[emboss-dev] Mapping feature types to Sequence Ontology (SO)
Peter Cock
p.j.a.cock at googlemail.com
Wed Aug 17 15:48:32 UTC 2011
On Wed, Aug 17, 2011 at 4:38 PM, Peter Rice <pmr at ebi.ac.uk> wrote:
> On 16/08/2011 16:36, Peter Cock wrote:
>>
>> Interestingly EMBOSS includes the sequence at the bottom
>> (using the FASTA directive) and has generated unique ID tags
>> for each feature. It has also added more note tags.
>
> The sequence is included if you are writing sequence data. GFF3 allows
> sequence to be included, so we add it. Using a separate feature file is
> always awkward for users, but is supported.
See also the discussion today on gmod-gbrowse / song-devel where
it sounds like GFF3 should have a single block of FASTA embedded
sequence at the end of the fine, rather than interleaved.

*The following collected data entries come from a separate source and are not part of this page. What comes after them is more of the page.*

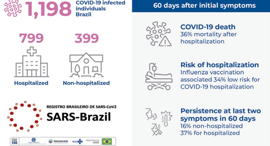 Out of 1,198 patients enrolled in the study, 66.7% were hospitalized. A total of 289 patients died (1 [0.3%] non-hospitalized and 288 [36%] hospitalized). At 60 days, patients non-hospitalized during admission had more persistent symptoms (16.2%) compared to hospitalized (37.1%). The COVID-19 severity variables associated with the persistence of two or more symptoms were increased age (OR= 1.03; p=0.015), respiratory rate at hospital admission (OR= 1.11; p=0.005), length of hospital stay of more than 60 days (OR= 12.24; p=0.026), and need for intensive care unit admission (OR= 2.04; p=0.038).
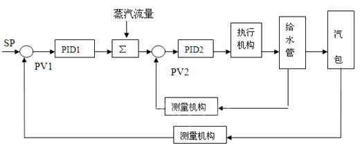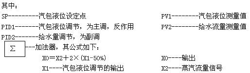 将液位进行PID1调节后输出,和蒸汽流量进行加法运算,其结果作为PID2的设定点,PID2将此设定点与给水流量的偏差进行调节,输出带动执行机构,调节给水阀。
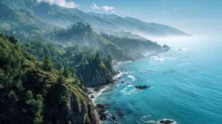 Verdant cliffs rise sharply above shimmering turquoise waters, their lush foliage blending seamlessly with a gentle morning fog as waves softly kiss the jagged coast
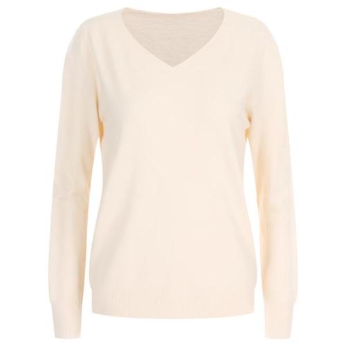 [샵앤][샵앤] 봄신상 여성 V넥 부드러운 무지 긴팔 니트 티셔츠 WNW-WKN-20330-크림
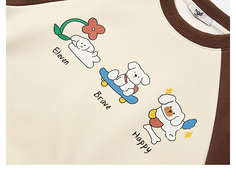 【MQD】童装女大童春新款学院风插肩袖卡通休闲圆领卫衣
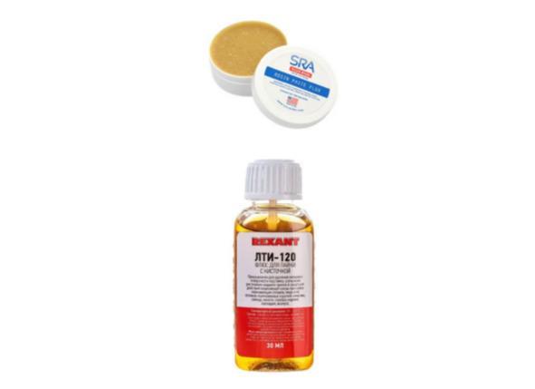 Флюс. Припой для радиомонтажных работ бывает проволокой или трубчатый — с флюсом внутри. Флюсы в припоях и вне припоев очень различаются по своим свойствам: от обычной канифоли до агрессивных составов, пригодных лишь для лужения кастрюль. Поэтому во флюсе важны две характеристики: наличие остатков и агрессивность. По крайней мере, в обычных оловянно-свинцовых или оловянно-медно-серебряных припоях для пайки радиоэлектронной аппаратуры.
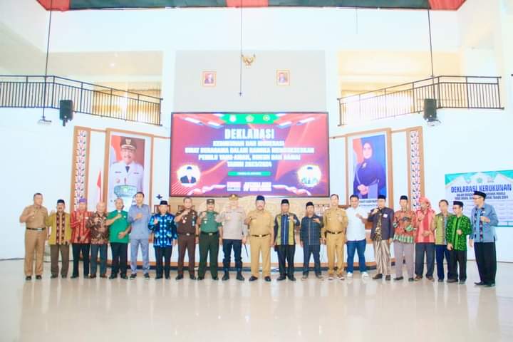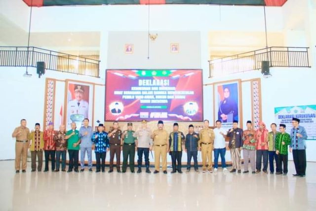 WONUABOMBANA.ID, RUMBIA – Dalam mengahadapi pesta Demokrasi atau pemilihan Umum yang akan dihelat Februari 2024 mendatang, Forum Kerukunan Umat Beragama (FKUB) bekerjasama dengan Pemerintah Daerah, dan Departemen Agama Kabupaten Bombana, menggelar kegiatan Deklarasi Moderasi Umat, dalam rangka Mensukseskan Pemilu yang Aman, Rukun, dan Damai. Di Aula Tanduale, Kantor Bupati Bombana Selasa (6/6/2023).

As I suggest
on that thread, the practical solution for EMBOSS seqret might be to
omit the FASTA sequence altogether. Or cache them in memory/on
disk to write out at the very end of the all the features?
http://generic-model-organism-system-database.450254.n5.nabble.com/Mailing-list-for-GFF3-specification-discussion-td4707740.html
>> Unfortunately this also failed the GFF3 validation. The EMBOSS
>> output does a lot better (e.g. "cleaved_initiator_methionine" is
>> valid while "Initiator methionine" in the UniProt file was not)
>>
>> However, some of the terms in column 3 are apparently out of
>> date - but http://www.sequenceontology.org does list them as
>> synonyms:
>
> Thanks. I'll update the table, but synonyms should be acceptable.
I can see plus points for either view, certainly the validator could
downgrade that error to an warning.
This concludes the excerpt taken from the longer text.